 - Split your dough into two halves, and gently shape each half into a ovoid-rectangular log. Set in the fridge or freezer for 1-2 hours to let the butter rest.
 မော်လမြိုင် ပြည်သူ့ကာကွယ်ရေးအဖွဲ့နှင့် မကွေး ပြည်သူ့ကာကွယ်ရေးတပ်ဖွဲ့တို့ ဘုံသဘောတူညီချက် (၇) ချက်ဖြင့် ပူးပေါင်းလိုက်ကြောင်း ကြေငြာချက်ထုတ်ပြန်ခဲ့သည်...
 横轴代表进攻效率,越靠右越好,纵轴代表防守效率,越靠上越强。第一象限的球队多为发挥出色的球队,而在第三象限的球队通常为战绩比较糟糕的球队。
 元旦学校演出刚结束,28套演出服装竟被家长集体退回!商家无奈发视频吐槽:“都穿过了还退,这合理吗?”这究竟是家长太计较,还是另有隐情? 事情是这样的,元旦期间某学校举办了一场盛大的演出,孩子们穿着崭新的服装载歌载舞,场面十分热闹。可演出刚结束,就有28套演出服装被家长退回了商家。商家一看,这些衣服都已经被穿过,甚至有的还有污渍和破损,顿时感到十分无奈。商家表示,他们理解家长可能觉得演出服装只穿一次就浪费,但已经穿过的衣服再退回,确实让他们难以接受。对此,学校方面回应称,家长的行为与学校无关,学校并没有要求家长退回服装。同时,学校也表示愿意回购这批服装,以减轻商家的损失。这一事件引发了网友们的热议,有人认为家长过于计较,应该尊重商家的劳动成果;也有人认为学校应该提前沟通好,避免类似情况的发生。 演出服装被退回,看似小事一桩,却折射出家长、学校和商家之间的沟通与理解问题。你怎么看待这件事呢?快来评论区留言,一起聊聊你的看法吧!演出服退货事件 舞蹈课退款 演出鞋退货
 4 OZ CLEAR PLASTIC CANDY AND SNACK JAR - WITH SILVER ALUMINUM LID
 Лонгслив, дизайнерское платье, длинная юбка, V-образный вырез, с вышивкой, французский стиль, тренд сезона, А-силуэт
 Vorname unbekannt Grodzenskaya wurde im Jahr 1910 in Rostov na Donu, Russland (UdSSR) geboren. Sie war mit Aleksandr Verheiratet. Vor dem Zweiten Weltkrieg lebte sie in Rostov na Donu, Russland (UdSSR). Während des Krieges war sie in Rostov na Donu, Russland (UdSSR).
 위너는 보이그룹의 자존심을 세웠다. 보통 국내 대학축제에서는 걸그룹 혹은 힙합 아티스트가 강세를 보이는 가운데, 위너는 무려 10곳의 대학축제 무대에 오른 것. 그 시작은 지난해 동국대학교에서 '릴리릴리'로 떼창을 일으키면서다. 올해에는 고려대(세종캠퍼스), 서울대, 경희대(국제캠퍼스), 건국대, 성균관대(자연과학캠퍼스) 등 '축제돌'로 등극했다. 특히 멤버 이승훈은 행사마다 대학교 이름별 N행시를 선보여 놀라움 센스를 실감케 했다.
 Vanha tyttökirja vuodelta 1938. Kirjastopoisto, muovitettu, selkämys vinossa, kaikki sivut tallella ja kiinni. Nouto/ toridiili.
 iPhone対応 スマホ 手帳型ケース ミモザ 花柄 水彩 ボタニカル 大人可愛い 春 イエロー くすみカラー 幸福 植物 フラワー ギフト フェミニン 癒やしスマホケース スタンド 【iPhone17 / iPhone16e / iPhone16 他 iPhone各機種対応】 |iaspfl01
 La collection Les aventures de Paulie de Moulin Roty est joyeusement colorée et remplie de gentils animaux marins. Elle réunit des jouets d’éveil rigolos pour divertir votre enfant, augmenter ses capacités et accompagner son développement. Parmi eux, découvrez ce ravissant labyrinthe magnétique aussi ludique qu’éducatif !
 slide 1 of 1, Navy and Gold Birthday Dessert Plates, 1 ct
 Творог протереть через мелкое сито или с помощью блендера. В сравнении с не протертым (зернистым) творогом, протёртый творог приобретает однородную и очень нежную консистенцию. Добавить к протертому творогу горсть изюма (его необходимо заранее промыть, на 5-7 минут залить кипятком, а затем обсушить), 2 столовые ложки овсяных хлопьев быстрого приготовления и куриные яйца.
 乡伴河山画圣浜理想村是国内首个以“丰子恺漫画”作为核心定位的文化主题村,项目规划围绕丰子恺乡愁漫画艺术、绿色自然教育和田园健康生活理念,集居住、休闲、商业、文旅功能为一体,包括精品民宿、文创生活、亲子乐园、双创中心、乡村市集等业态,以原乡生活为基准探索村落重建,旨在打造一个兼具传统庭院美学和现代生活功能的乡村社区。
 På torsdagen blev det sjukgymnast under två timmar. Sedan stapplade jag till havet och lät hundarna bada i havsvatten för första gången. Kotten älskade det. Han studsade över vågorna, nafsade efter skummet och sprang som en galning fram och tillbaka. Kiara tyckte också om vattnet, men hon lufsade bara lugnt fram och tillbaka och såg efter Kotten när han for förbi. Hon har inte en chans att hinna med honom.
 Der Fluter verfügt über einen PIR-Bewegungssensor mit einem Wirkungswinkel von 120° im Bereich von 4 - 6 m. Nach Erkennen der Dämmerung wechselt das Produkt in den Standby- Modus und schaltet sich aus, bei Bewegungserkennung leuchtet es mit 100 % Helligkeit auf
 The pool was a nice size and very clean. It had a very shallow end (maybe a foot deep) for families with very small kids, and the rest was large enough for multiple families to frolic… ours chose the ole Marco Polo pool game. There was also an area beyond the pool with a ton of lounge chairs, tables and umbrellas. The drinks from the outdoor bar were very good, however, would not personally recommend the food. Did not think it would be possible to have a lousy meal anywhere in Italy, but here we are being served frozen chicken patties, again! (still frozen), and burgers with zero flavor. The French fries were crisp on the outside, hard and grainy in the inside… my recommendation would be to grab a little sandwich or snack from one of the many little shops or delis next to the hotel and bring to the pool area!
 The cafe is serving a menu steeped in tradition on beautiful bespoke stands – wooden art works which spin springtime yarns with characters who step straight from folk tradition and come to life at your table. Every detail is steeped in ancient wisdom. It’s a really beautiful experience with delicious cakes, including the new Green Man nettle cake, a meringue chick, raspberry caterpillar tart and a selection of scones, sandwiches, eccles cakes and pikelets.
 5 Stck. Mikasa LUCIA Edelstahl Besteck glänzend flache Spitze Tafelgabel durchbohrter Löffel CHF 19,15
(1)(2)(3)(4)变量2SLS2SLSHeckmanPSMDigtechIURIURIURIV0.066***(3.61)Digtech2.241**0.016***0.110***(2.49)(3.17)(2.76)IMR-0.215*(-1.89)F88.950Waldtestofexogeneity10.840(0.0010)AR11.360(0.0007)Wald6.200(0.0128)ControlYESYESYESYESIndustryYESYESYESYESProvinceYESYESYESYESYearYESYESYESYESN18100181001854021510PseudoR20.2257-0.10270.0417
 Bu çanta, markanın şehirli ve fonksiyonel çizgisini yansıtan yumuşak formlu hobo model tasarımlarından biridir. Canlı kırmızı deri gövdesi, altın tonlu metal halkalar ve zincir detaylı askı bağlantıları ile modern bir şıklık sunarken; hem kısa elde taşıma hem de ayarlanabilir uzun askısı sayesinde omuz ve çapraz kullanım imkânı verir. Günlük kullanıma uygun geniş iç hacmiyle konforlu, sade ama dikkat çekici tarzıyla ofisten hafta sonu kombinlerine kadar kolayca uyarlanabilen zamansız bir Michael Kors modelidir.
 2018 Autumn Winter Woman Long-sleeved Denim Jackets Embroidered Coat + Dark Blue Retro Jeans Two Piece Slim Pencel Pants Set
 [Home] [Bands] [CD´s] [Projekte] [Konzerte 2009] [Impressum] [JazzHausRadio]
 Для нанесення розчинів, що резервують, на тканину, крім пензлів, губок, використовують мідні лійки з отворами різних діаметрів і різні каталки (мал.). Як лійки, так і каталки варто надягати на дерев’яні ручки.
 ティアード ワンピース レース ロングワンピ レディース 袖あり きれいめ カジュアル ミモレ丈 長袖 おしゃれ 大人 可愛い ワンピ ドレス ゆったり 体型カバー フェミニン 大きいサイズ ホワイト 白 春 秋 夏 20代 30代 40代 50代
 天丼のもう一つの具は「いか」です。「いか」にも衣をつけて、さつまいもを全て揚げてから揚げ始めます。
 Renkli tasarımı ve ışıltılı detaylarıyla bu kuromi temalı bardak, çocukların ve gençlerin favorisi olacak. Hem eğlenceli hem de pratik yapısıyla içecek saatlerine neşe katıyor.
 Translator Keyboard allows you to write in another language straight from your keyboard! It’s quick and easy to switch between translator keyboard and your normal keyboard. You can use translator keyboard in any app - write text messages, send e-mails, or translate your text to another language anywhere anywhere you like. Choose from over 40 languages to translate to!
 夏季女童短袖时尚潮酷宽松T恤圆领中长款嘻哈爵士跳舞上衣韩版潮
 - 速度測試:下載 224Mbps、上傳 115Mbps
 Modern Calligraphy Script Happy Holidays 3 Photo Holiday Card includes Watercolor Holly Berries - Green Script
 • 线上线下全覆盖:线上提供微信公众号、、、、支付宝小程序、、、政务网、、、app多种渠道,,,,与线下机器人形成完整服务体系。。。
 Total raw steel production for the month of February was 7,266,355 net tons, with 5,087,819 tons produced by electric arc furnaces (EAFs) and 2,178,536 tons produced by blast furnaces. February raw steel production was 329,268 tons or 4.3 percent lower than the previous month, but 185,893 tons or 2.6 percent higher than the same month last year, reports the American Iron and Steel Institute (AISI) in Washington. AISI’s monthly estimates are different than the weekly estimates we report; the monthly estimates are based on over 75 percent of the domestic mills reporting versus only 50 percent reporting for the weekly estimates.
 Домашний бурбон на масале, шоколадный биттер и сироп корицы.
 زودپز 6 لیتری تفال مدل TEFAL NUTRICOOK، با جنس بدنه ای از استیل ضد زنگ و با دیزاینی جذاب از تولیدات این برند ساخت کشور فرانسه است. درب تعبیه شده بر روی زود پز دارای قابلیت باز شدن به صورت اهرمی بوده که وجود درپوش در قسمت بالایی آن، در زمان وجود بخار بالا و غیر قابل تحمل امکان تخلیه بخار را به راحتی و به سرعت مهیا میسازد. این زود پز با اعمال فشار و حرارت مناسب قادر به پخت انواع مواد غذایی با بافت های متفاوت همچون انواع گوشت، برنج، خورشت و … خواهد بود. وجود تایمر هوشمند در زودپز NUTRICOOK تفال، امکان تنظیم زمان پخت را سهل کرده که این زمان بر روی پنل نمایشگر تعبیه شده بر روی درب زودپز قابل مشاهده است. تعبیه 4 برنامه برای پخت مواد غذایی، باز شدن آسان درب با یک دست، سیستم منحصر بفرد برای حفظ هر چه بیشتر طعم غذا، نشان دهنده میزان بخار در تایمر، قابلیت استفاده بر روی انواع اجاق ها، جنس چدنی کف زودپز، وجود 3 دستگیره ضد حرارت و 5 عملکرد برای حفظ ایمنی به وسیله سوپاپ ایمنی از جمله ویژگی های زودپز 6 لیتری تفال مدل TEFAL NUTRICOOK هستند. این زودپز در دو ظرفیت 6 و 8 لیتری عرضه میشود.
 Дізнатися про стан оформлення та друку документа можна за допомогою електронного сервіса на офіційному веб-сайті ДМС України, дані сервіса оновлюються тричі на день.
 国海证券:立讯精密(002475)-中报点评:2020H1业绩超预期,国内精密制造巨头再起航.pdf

### Problem statement
Reproduce the lines of the entries above from the one with "Bu çanta, markanın" to the one with "Modern Calligraphy Script", both included, exactly and without any other line.

### Answer space
 Bu çanta, markanın şehirli ve fonksiyonel çizgisini yansıtan yumuşak formlu hobo model tasarımlarından biridir. Canlı kırmızı deri gövdesi, altın tonlu metal halkalar ve zincir detaylı askı bağlantıları ile modern bir şıklık sunarken; hem kısa elde taşıma hem de ayarlanabilir uzun askısı sayesinde omuz ve çapraz kullanım imkânı verir. Günlük kullanıma uygun geniş iç hacmiyle konforlu, sade ama dikkat çekici tarzıyla ofisten hafta sonu kombinlerine kadar kolayca uyarlanabilen zamansız bir Michael Kors modelidir.
 2018 Autumn Winter Woman Long-sleeved Denim Jackets Embroidered Coat + Dark Blue Retro Jeans Two Piece Slim Pencel Pants Set
 [Home] [Bands] [CD´s] [Projekte] [Konzerte 2009] [Impressum] [JazzHausRadio]
 Для нанесення розчинів, що резервують, на тканину, крім пензлів, губок, використовують мідні лійки з отворами різних діаметрів і різні каталки (мал.). Як лійки, так і каталки варто надягати на дерев’яні ручки.
 ティアード ワンピース レース ロングワンピ レディース 袖あり きれいめ カジュアル ミモレ丈 長袖 おしゃれ 大人 可愛い ワンピ ドレス ゆったり 体型カバー フェミニン 大きいサイズ ホワイト 白 春 秋 夏 20代 30代 40代 50代
 天丼のもう一つの具は「いか」です。「いか」にも衣をつけて、さつまいもを全て揚げてから揚げ始めます。
 Renkli tasarımı ve ışıltılı detaylarıyla bu kuromi temalı bardak, çocukların ve gençlerin favorisi olacak. Hem eğlenceli hem de pratik yapısıyla içecek saatlerine neşe katıyor.
 Translator Keyboard allows you to write in another language straight from your keyboard! It’s quick and easy to switch between translator keyboard and your normal keyboard. You can use translator keyboard in any app - write text messages, send e-mails, or translate your text to another language anywhere anywhere you like. Choose from over 40 languages to translate to!
 夏季女童短袖时尚潮酷宽松T恤圆领中长款嘻哈爵士跳舞上衣韩版潮
 - 速度測試:下載 224Mbps、上傳 115Mbps
 Modern Calligraphy Script Happy Holidays 3 Photo Holiday Card includes Watercolor Holly Berries - Green Script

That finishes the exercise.